Job 366382.056 defines the following attributes:
    ExtraMemory = 500
    JobCpus = ((JobStatus =!= 1) && (JobStatus =!= 5) &&  !isUndefined(MATCH_EXP_JOB_GLIDEIN_Cpus) && (int(MATCH_EXP_JOB_GLIDEIN_Cpus) =!= error)) ? int(MATCH_EXP_JOB_GLIDEIN_Cpus) : OriginalCpus
    JobStatus = 1
    MaxCores = 4
    MinCores = 2.0
    OriginalCpus = 4
    OriginalMemory = 7900
    RequestCpus = WMCore_ResizeJob ? ( !isUndefined(Cpus) ? RequestResizedCpus : JobCpus) : OriginalCpus
    RequestDisk = 5000000
    RequestMemory = OriginalMemory + ExtraMemory * (WMCore_ResizeJob ? (RequestCpus - OriginalCpus) : 0)
    RequestResizedCpus = (Cpus > MaxCores) ? MaxCores : ((Cpus < MinCores) ? MinCores : Cpus)
    REQUIRED_ARCH = "X86_64"
    WMCore_ResizeJob = false

The Requirements expression for job 366382.056 reduces to these conditions:

         Slots
Step    Matched  Condition
-----  --------  ---------
[0]      142139  stringListMember(TARGET.Arch,REQUIRED_ARCH)
[1]      142139  TARGET.OpSys == "LINUX"
[3]       70839  TARGET.Disk >= RequestDisk
[5]       69910  TARGET.Memory >= RequestMemory
[6]       34009  [3] && [5]
[7]       69517  TARGET.Cpus >= RequestCpus
[8]       26381  [6] && [7]

366382.056:  Run analysis summary ignoring user priority.  Of 33408 machines,
    343 are rejected by your job's requirements

Just a guess here: Those 343 sound like slots at the correct destination but failing to match job requirements. Maybe SI needs to check how those are build for this workflow.

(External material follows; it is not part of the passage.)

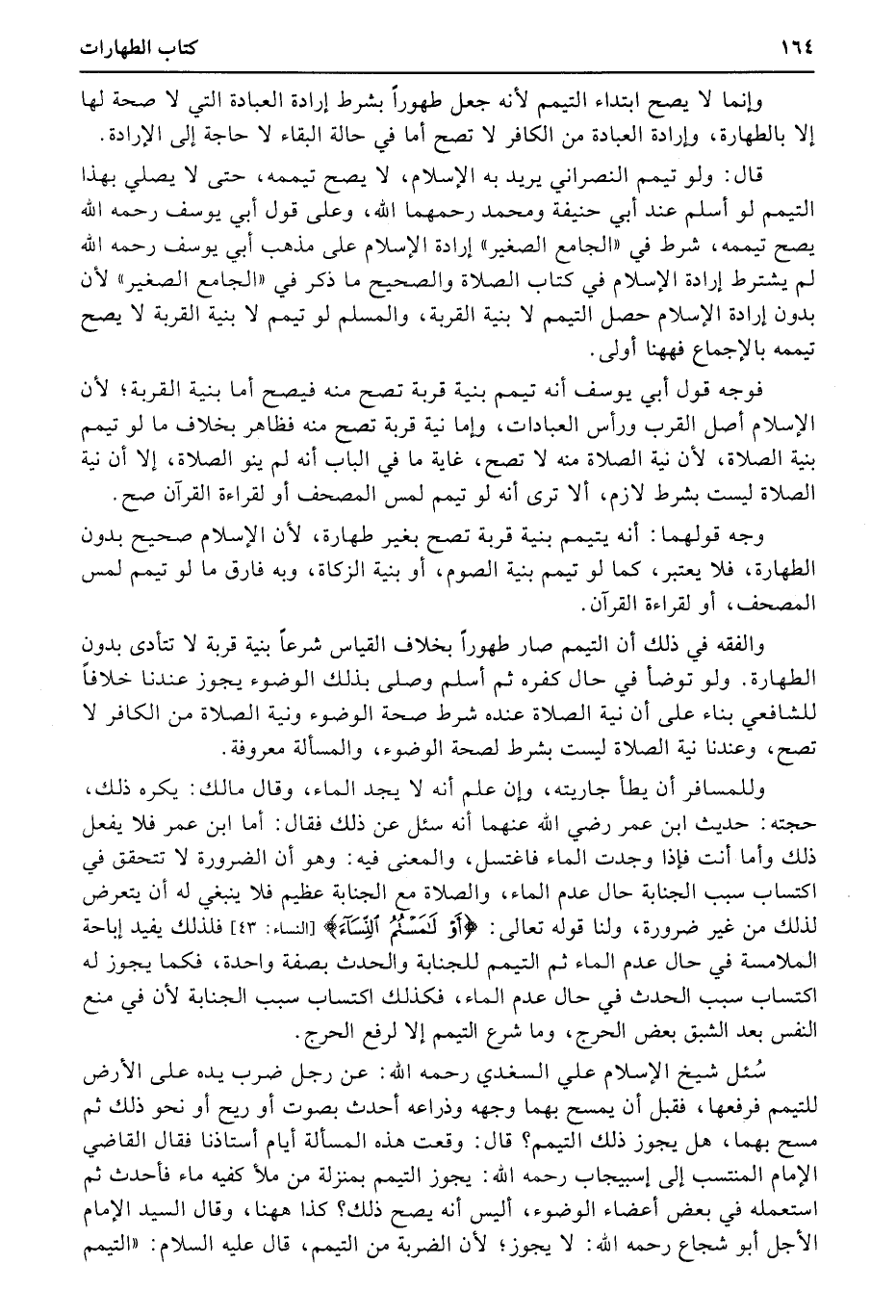 قال: ولو تيمم النصراني يريد به الإسلام، لا يصح تيممه، حتى لا يصلي بهذا التيمم لو أسلم عند أبي حنيفة ومحمد رحمهما الله، وعلى قول أبي يوسف رحمه الله يصح تيممه، شرط في «الجامع الصغير» إرادة الإسلام على مذهب أبي يوسف رحمه الله لم يشترط إرادة الإسلام في كتاب الصلاة والصحيح ما ذكر في «الجامع الصغير» لأن بدون إرادة الإسلام حصل التيمم لا بنية القربة، والمسلم لو تيمم لا بنية القربة لا يصح تيممه بالإجماع فههنا أولى.
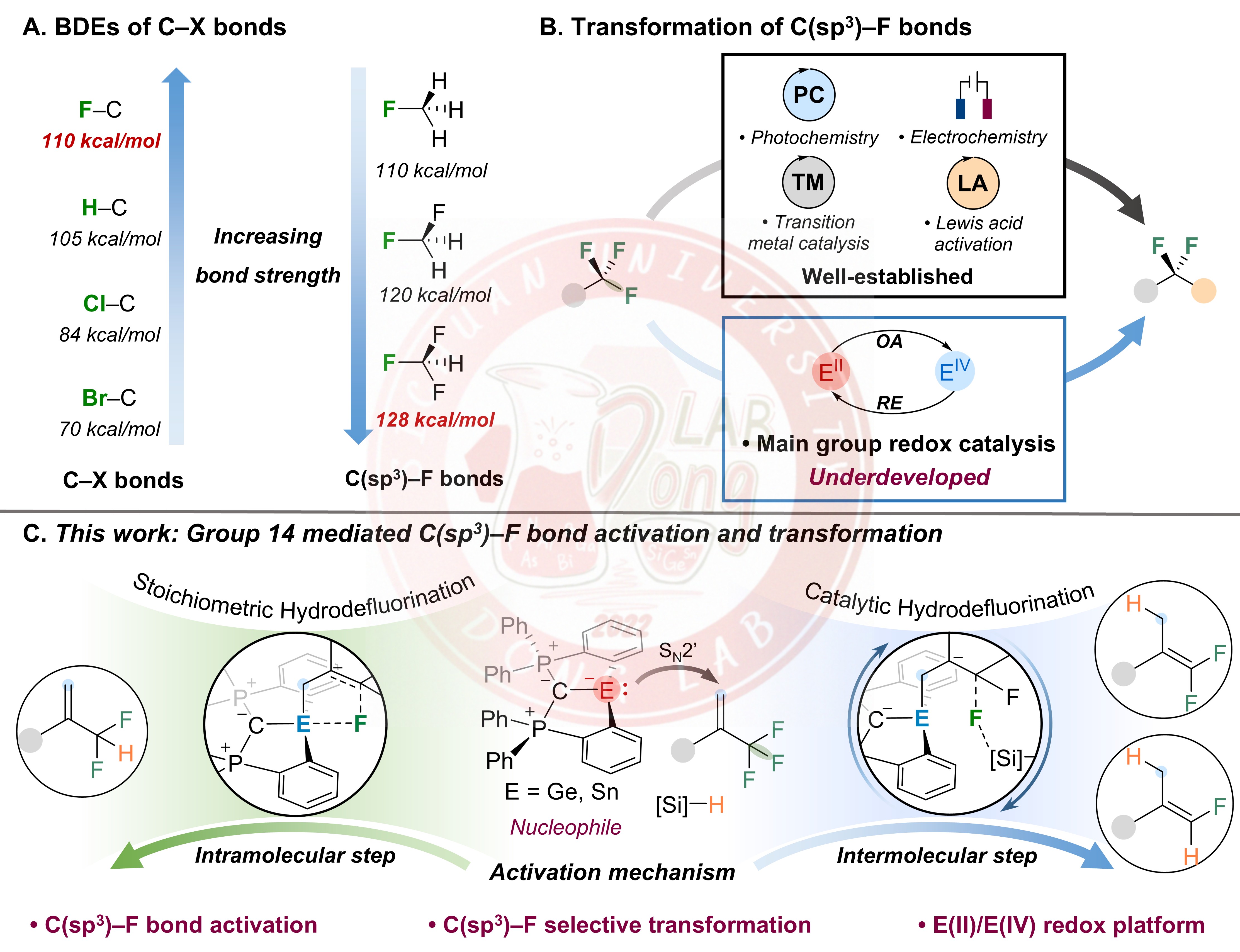 三氟甲基中C(sp3)−F键具有极高的键能,其选择性活化和可控转化是有机氟化学领域的长期挑战。近年来,四川大学董召文课题组聚焦于具有准金属特性的低价重十四族元素试剂的精准合成与催化性能研究。围绕“低价锗、锡变价催化”这一关键科学问题,通过创新配体设计与合成策略,成功开发了多种结构新颖的低价锗、锡试剂,并率先构建了基于Sn(II)/Sn(IV)、Ge(II)/Ge(IV)及Ge(II)/Ge(III)/Ge(IV)变价循环的主族催化新体系(Angew. Chem. Int. Ed. 2026, e7786614; J. Am. Chem. Soc. 2025, 36752; Angew. Chem. Int. Ed. 2025, 64, e202515638; Nat. Commun. 2024, 15, 9849; JACS Au 2025, 5, 1289; Inorg. Chem. 2026, 65, 2060)。然而,利用低价主族化合物实现C(sp3)−F键选择性催化活化至今仍未实现突破,仍是该领域亟待解决的重要科学难题。

saqibhaleem commented 1 year ago

hi @haozturk

MoniT is now showing successful completion of production jobs on this new site name. Workflows were queued on cmsgwms-submit8.fnal.gov. Can you please verify and also resume further necessary tests (if needed). thanks

haozturk commented 1 year ago

Hi @saqibhaleem thanks for the update. Things look good from our side. I don't see a reason for further testing. Feel free to scale up.